From Code to Cloud: Building Resilience Across the DevOps Pipeline

DevOps now manages source code, automation pipelines, CI/CD logic, metadata, and engineering workflows. When these assets become unavailable, entire delivery chains stall — impacting productivity, compliance, and business operations.

Common risks include accidental deletions, misconfigurations, insider actions, platform outages, API limitations, ransomware, and loss of repositories or pipelines. These disruptions can occur even in well-resourced organizations.

Built-in recycle bins and scripts often offer short retention periods, lack metadata coverage, cannot handle cross-platform restores, and fail to meet enterprise security, compliance, or scalability requirements.
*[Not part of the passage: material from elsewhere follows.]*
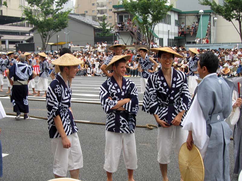 Now, fast forward to Sunday. We woke up at 6am to find that the weather was as perfect as it could be for a day of dragging several tons of wood half way across the city of Kyoto. Our float, one of the “yama”-class mikoshi, is among the largest sixteen of the ninety-something shrines that would participate in the Grand Procession, and one of the most famous. We quickly got changed into our traditional garb and rice-grass sandals and the pull was underway.

Commvault provides unified, cloud-native protection across GitHub, GitLab, Azure DevOps, and more — offering unlimited retention, granular recovery, cross-cloud restores, token rotation, RBAC, audit trails, and scalable cloud storage.

Disruptions can halt engineering productivity, delay software releases, create compliance issues, increase operational risk, and damage reputation — making DevOps resilience essential for business continuity.
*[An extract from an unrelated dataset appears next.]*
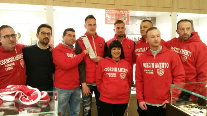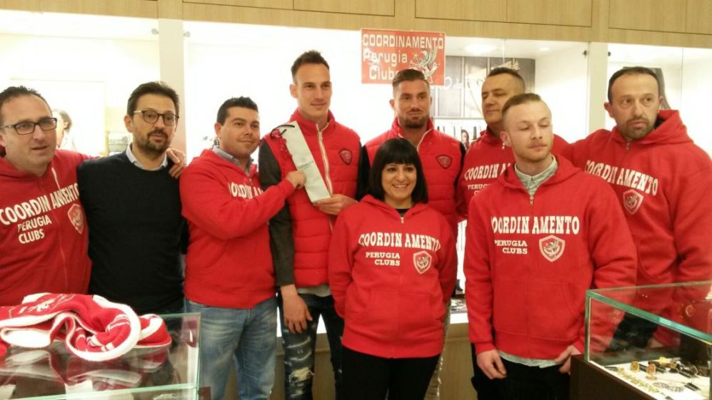 A Perugia già da giorni ormai si respira aria di derby e la città attende trepidante lo scontro di sabato tra i biancorossi e la Ternana. Nel frattempo, in vista di questa sfida, i tifosi cercano di motivare al massimo i propri beniamini affinché escano dal campo con una nuova vittoria. Va in questo senso anche la consegna del premio di tappa ‘Miglior grifone Gioielleria Bartoccini’ ai difensori Massimo Volta e Lorenzo Del Prete vincitori del concorso, rispettivamente, nelle partite Entella-Perugia e Perugia-Trapani. Obiettivo dell’iniziativa promossa dal Centro coordinamento Perugia club in collaborazione con le Gioiellerie Bartoccini è infatti anche quello di incentivare i giocatori del Perugia a dare sempre il meglio. Alla cerimonia, che si è svolta giovedì 3 marzo, alla gioielleria Bartoccini della stazione Minimetrò di Pian di Massiano, a conferire ai due atleti i buoni acquisto da spendere nei punti vendita Bartoccini sono stati Mauro Trampolini e Stefano Mortini, rispettivamente presidente e vicepresidente del Centro coordinamento Perugia club, Monica Landi, presidente delle Army girls, e Marco Scocciolini, direttore del punto vendita.

Please view video here for a time-stamped transcript

…

Hey everyone, welcome to our session from code to cloud, building resilience across the
DevOps pipeline.

I’m Aashray Agur, Senior Product Manager at Commvault.

This is my third year at Commvault.

I’m based out of Bangalore, India.

In terms of the role, I work with SaaS apps team, directly responsible for Salesforce and
DevOps solutions.

In simple terms, I’m the guy responsible for understanding the needs of the customer and
design meaningful software solutions in this space.

Today our speaker and guest, have Anilkumar from Oikocredit.

Before I hand it over to him, I’d like to speak a bit about Oikocredit.

Oikocredit is one of the largest social impact investors and cooperatives in the world.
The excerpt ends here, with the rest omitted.